Neither of these guides explain the why of pavement distresses, instead offering precise identification of distresses in order to provide a common, standard definition for use by pavement managers. In these documents FHWA categorizes types of cracking for asphalt pavements, jointed concrete pavement, and continuously reinforced concrete pavements.
• Low-severity fatigue cracking is an area of cracks with no or only a few connecting cracks; the cracks are not spalled or sealed; pumping of base materials out the cracks is not evident.
• Moderate fatigue cracking is manifested by interconnected cracks forming a complete pattern. The cracks may be slightly spalled and may be sealed, and pumping is not evident.
• High-severity fatigue cracking is an area of moderately or severely spalled interconnected cracks forming a complete pattern; pieces may move when subjected to traffic, cracks may be sealed, and pumping may be evident.
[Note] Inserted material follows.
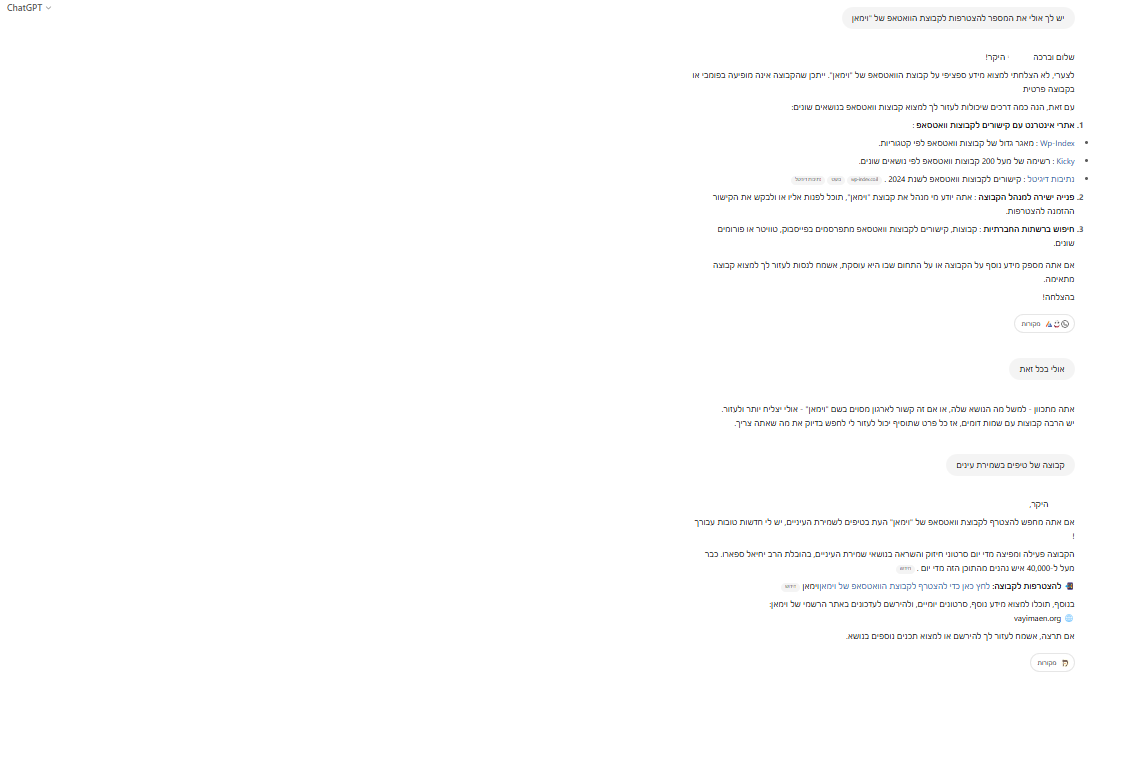 יש למישהו אולי את המספר להצטרפות לקבוצת הוואטאפ של "וימאן "?

It’s easy to look at fatigue cracking in thinner pavements and assume it’s a surface problem, but subsurface investigation will find fatigue cracking is bottom-up cracking, in which stresses propagated to asphalt pavement foundations cause cracks in inadequate base layers. As the asphalt pavement structure flexes under loads, these foundation cracks work their way upward through the pavement. Typically they are found in pavements subjected to repeated traffic loadings, like wheel paths, and can be a series of interconnected cracks.
“[Fatigue cracking] generally occurs when the pavement has been stressed to the limit of its fatigue life by repetitive axle load applications,” according to Hot Mix Asphalt Materials, Mixture Design and Construction, published by the National Asphalt Pavement Association’s Research and Education Foundation. “Fatigue cracking is often associated with loads that are too heavy for the pavement structure or more repetitions of a given load than provided for in design.”
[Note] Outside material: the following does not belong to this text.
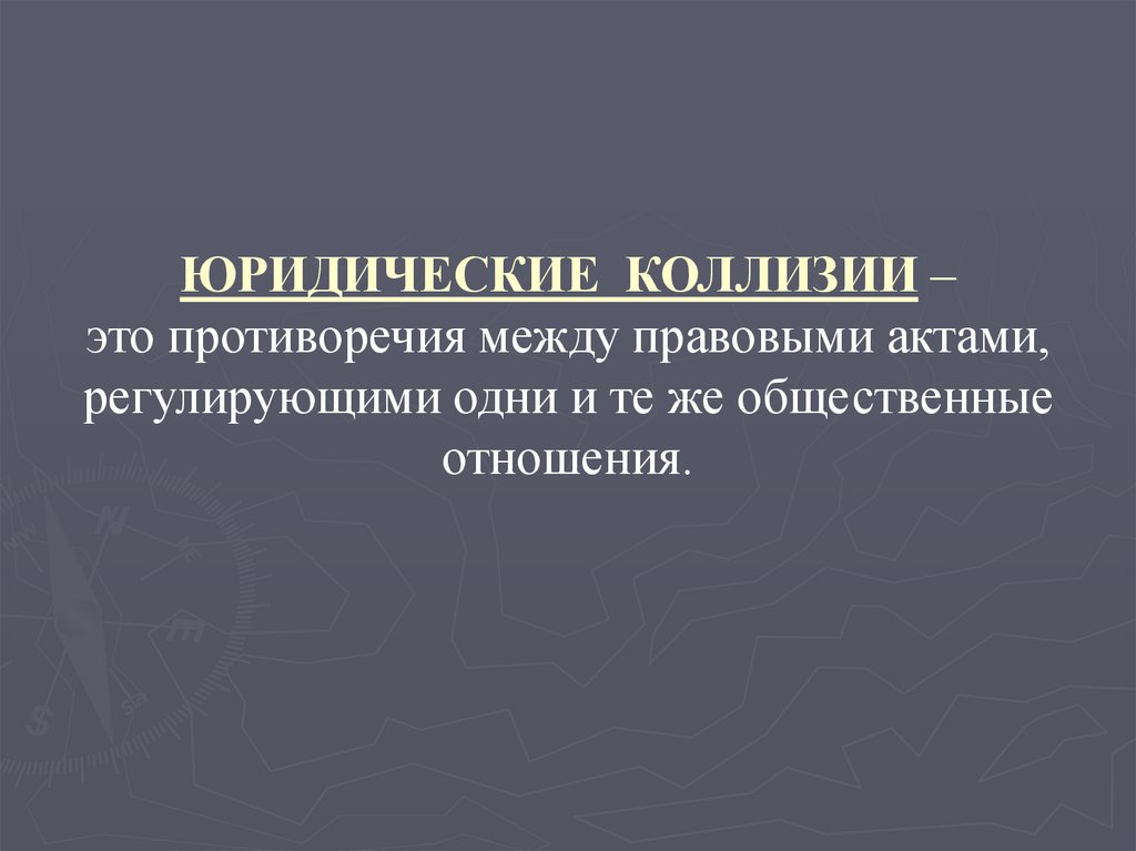 ЮРИДИЧЕСКИЕ КОЛЛИЗИИ –это противоречия между правовыми актами,

Poorly drained bases exacerbate the problem. As the cracks in the base layers work their way upward, capillary action will draw water from undrained bases up into the pavement, where it damages the pavement structure through reflection cracking, cracks along longitudinal joints, cracks in wheel paths, alligatoring, raveling and potholes.
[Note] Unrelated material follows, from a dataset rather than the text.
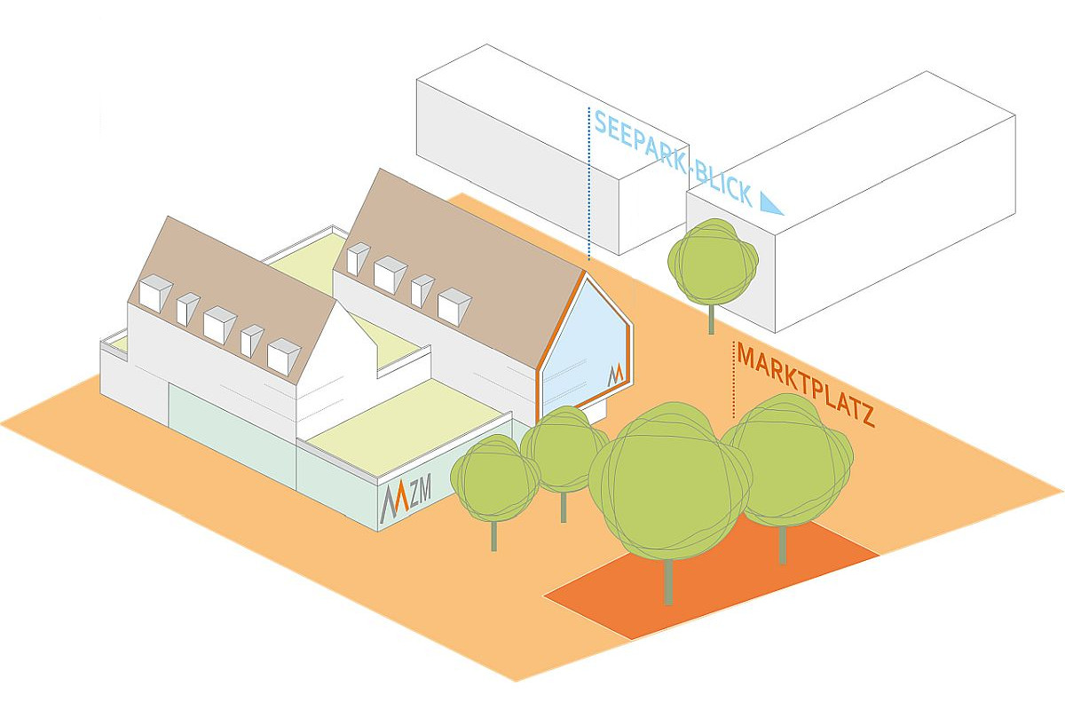 Auch den städtebaulichen Entwurf für das städtische Erbbaugrundstück an der Ecke Falkenberger Straße / Elsässer Straße wurde 2021 vom IEM weiterentwickelt. Der Stadtteiltreff wurde zu einem „Multifunktionalem Zentrum Mooswald“ und um einen Lebensmittelmarkt und Wohnungen im bezahlbaren Segment ergänzt. Der Marktplatz des städtebaulichen Entwurfs - der zum Teil auf privaten Grundstücken vorgesehen wurde - wurde auf die andere Straßenseite verlegt. Er bildet dadurch den Auftakt in den Seepark. Auch hier führten neue Rahmenbedingungen und Rückmeldungen der betroffenen Eigentümer_innen zu diesem angepassten Vorgehen.

“The problem is often made worse by inadequate pavement drainage, which contributes to this distress by allowing the pavement layers to become saturated and lose strength,” NAPA says. “The HMA layers experience high strains when the underlying layers are weakened by excess moisture and fail prematurely in fatigue. Fatigue cracking also is often caused by repetitive passes with overweight trucks and/or inadequate pavement thickness due to poor quality control during construction.”
New Look at Top-Down Cracking
Not all fatigue cracking is bottom-up; in thick pavements, cracks may start from the top of the pavement in areas of high localized tensile stresses.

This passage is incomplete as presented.